Carlos Almeida

Personal information
- Born: 24 September 1976 (age 48) Luanda, Angola
- Listed height: 193 cm (6.33 ft)
- Listed weight: 91 kg (201 lb)

Career information
- Playing career: 1987–2014
- Position: Shooting guard

Career history
- 1984–1987: E.R.T.
- 1987–2001: Petro Atlético
- 2001–2014: Primeiro de Agosto

= Carlos Almeida (basketball) =

Angolan basketball player (born 1976)

Carlos Domingues Bendinha de Almeida (born 24 September 1976) is an Angolan professional basketball shooting guard and a member of the Angola national basketball team. He is in height and 91 kg (200 pounds) in weight.
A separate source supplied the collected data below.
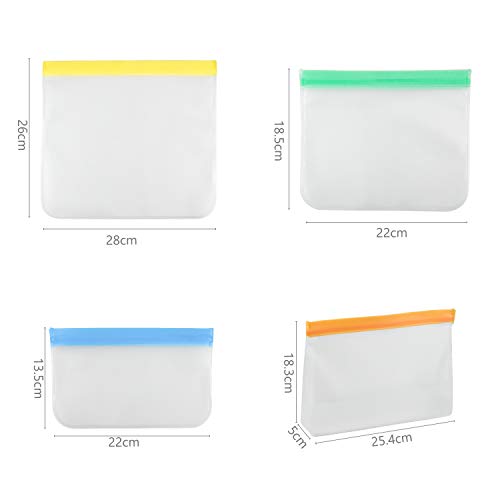 - ★ CUATRO TAMAñOS: Las bolsas para sándwich reutilizables están disponibles en cuatro tamaños diferentes con cuatro colores para el almacenamiento en el hogar. Perfecto para organizar o almacenar refrigerios, almuerzos, verduras, frutas, comida para bebés, maquillaje, artículos de viaje, papelería y mucho más.
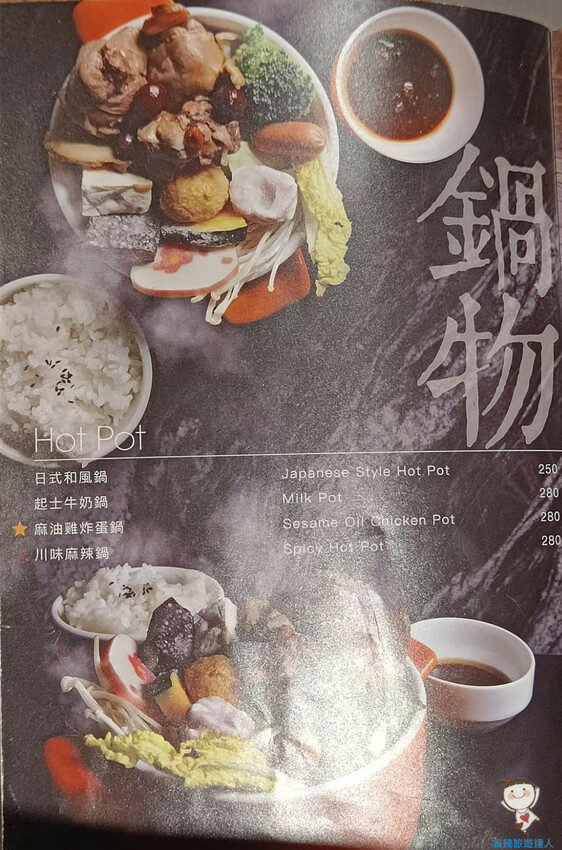 第三頁是鍋物,價位$250~280,跟義麵和燉飯比起來,相對便宜些
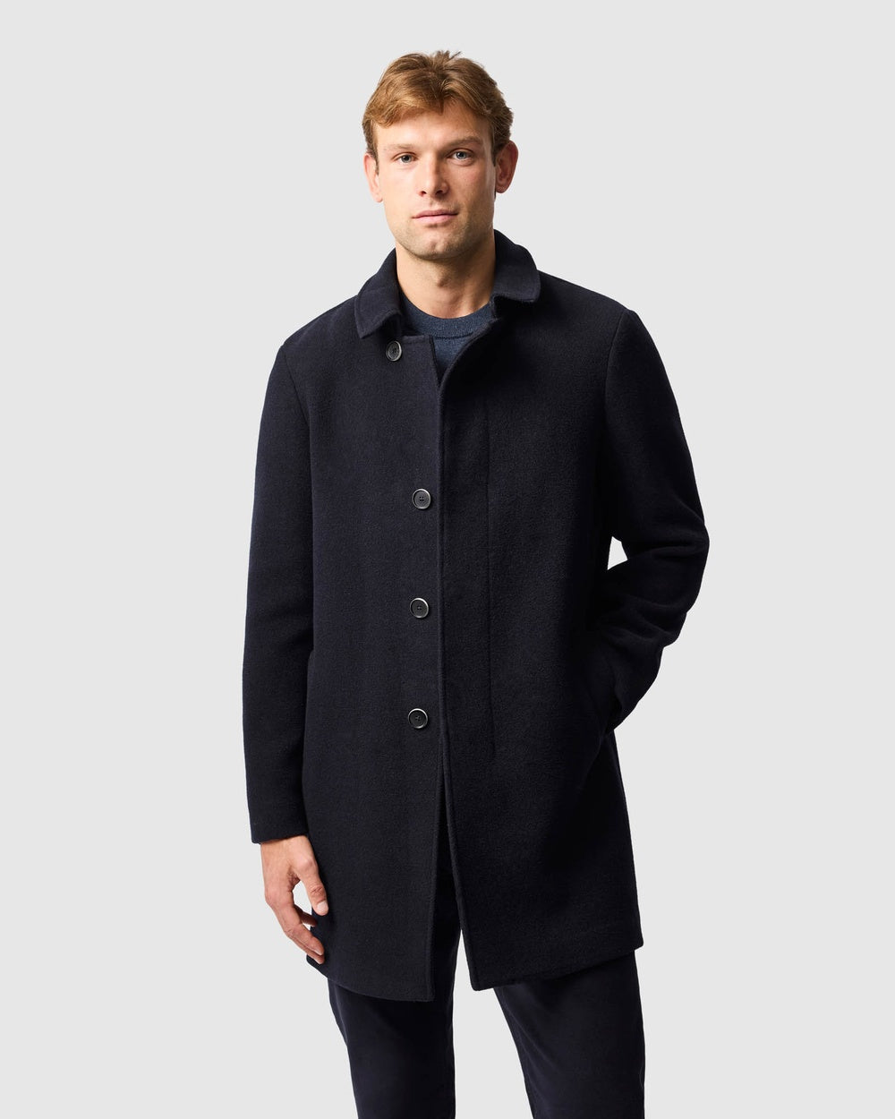 Long Sleeved Coat (midnight) - crafted in an Italian woollen-blend, with a melange yarn underside for a sophisticated marble texture. The piece that pulls all your looks together to complete your outfit.
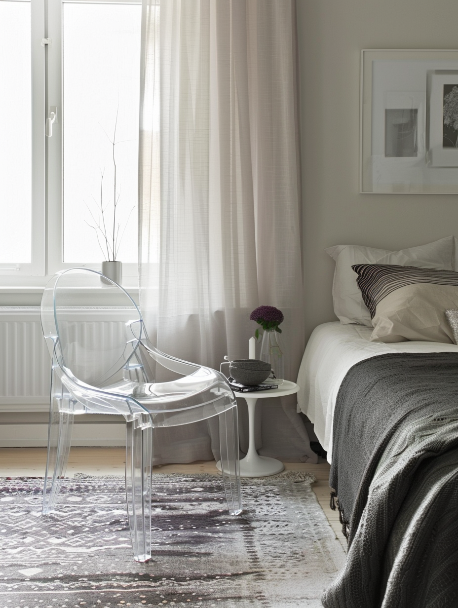 Transparent furniture, such as acrylic chairs or glass tables, will have to play a role in the desired visual clutter reduction of small spaces. They almost completely mix with the interior design, thus, making the environment spacious and more comfortable. Use transparent components scarcely to have the right effect of balanced and open environment.
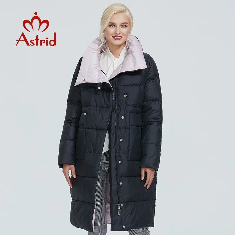Special Offer 2019 Astrid kurtka zimowa kobiety kontrast kolor długie grube bawełniane ubrania z czapką i zamkiem błyskawicznym ciepły płaszcz kobiety parka AR 7040 Discount 60% Today!
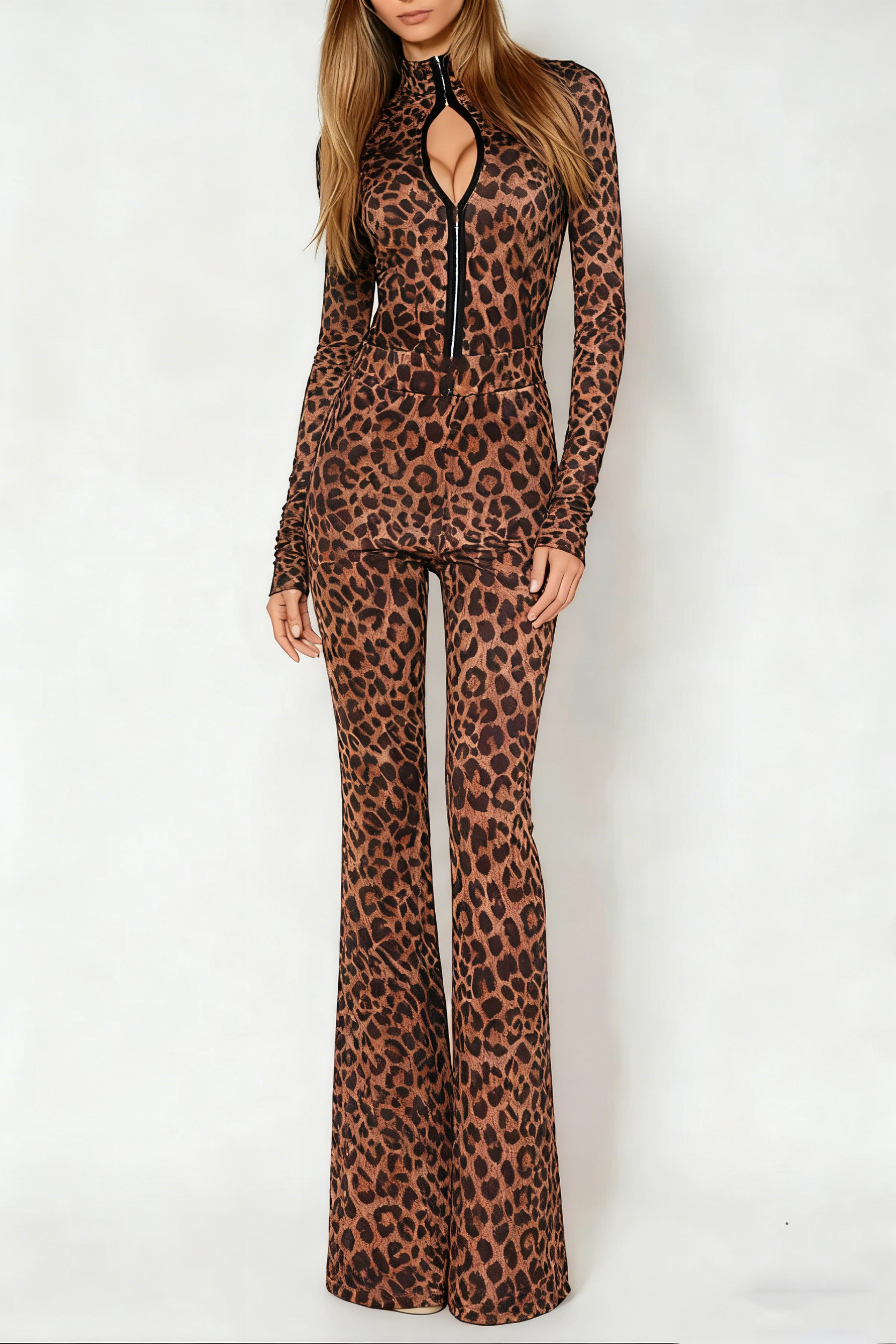 Dobromila Leopard Long Sleeve Bodycon Hook Pants Set
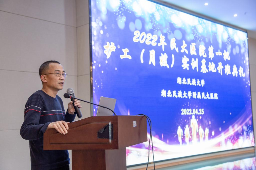 2022425日天气晴朗,365电子娱乐官方网站附属民大医院喜庆祥和,第一批护工(月嫂)实训基地开班仪式在其综合楼10楼会议室隆重召开。湖北民族大附属民大医院副院长石磊、365电子娱乐官方网站继续教育学院副院长刘贤锋、恩施州德慧母婴健康管理有限公司总经理周贤出席开班仪式,参加开班仪式的还有民大医院各科护士长及参训护工、月嫂学员,民大医院护理部副主任朱亚莉主持会议。
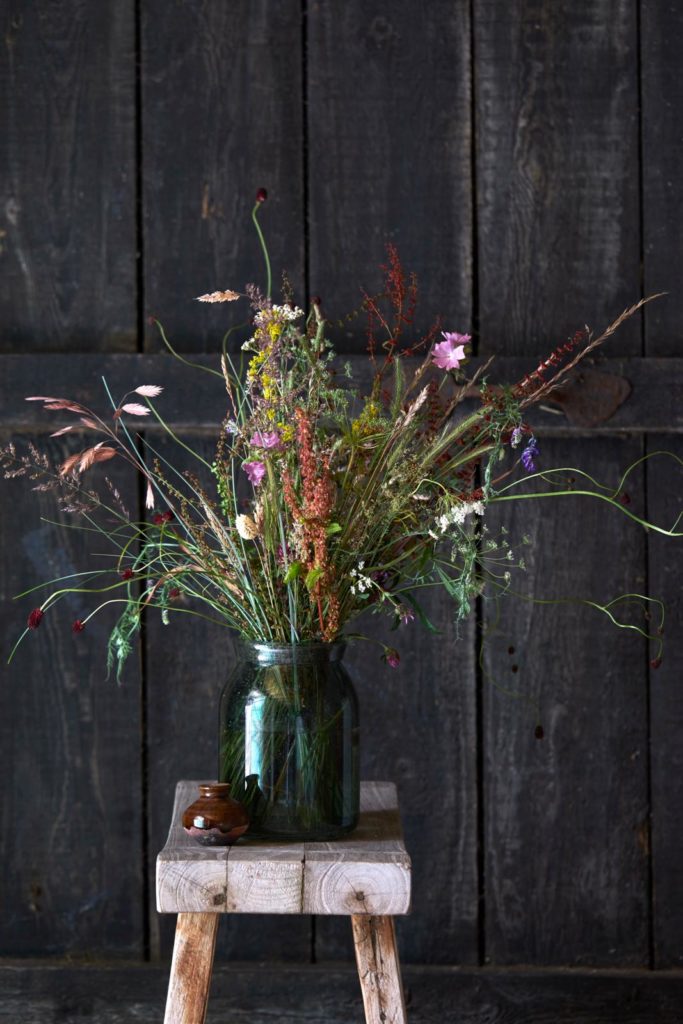 Gevonden in de berm: diverse bloeiende grassen, zoals wilde peen (lees ook: 5 weetjes over wilde peen), kaasjeskruid, zuring, wikke en een takje pimpernel uit de tuin.

Almeida played for Angola at the 2000 and the 2004 Summer Olympics, the 2002 and 2006 basketball world championship as well as the 2005, 2007 Africa championships and 2009 Africa championship.

In addition to playing basketball, he has been serving a second term as a member of the Angolan parliament, representing the ruling party, MPLA.

Carlos Almeida has won seven FIBA Africa Championship titles.

On 17 April 2014, Almeida played his last official game in the 1st leg of the 2014 Angola Basketball Cup against Petro de Luanda, a match involving the two most important clubs in his career. At the end of the game, honours were paid to him for his long, successful basketball career.